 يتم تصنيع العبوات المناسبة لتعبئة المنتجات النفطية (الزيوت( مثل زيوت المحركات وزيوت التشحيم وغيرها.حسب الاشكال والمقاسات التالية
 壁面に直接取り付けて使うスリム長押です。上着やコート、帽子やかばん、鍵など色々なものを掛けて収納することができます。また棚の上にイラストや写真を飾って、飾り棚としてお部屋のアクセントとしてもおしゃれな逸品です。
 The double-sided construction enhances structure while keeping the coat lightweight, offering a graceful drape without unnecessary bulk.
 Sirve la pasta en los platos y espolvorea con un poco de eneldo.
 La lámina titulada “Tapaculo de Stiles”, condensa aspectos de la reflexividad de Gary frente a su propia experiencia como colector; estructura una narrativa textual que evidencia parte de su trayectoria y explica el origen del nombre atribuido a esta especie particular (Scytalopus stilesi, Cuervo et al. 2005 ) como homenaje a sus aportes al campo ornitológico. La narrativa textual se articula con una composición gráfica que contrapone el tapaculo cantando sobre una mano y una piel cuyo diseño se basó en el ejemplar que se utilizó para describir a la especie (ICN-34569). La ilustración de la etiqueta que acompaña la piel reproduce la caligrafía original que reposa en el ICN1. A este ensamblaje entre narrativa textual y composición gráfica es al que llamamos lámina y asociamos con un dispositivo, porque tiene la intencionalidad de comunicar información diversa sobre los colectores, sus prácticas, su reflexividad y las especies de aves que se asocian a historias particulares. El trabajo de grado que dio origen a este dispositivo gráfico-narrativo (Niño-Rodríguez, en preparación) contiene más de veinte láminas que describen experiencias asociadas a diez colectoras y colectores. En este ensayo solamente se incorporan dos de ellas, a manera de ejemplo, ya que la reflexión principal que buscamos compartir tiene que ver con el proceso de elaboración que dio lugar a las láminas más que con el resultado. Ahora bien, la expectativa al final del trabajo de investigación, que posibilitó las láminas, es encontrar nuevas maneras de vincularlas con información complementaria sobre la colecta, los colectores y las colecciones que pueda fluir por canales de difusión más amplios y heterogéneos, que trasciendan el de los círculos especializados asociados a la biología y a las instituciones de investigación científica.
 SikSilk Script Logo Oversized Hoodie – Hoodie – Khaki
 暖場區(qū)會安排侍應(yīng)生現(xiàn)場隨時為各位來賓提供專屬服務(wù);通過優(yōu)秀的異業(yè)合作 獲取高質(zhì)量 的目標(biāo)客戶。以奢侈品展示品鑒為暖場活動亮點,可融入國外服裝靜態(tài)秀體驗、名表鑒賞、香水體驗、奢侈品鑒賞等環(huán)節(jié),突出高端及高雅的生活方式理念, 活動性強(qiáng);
────────────────────────────────────────
Write out, from the lines above, only those from the line with "壁面に直接取り付けて使うスリ" to the line with "Sirve la pasta", exactly as given, including the first and the last.

[SOLUTION BELOW]:
 壁面に直接取り付けて使うスリム長押です。上着やコート、帽子やかばん、鍵など色々なものを掛けて収納することができます。また棚の上にイラストや写真を飾って、飾り棚としてお部屋のアクセントとしてもおしゃれな逸品です。
 The double-sided construction enhances structure while keeping the coat lightweight, offering a graceful drape without unnecessary bulk.
 Sirve la pasta en los platos y espolvorea con un poco de eneldo.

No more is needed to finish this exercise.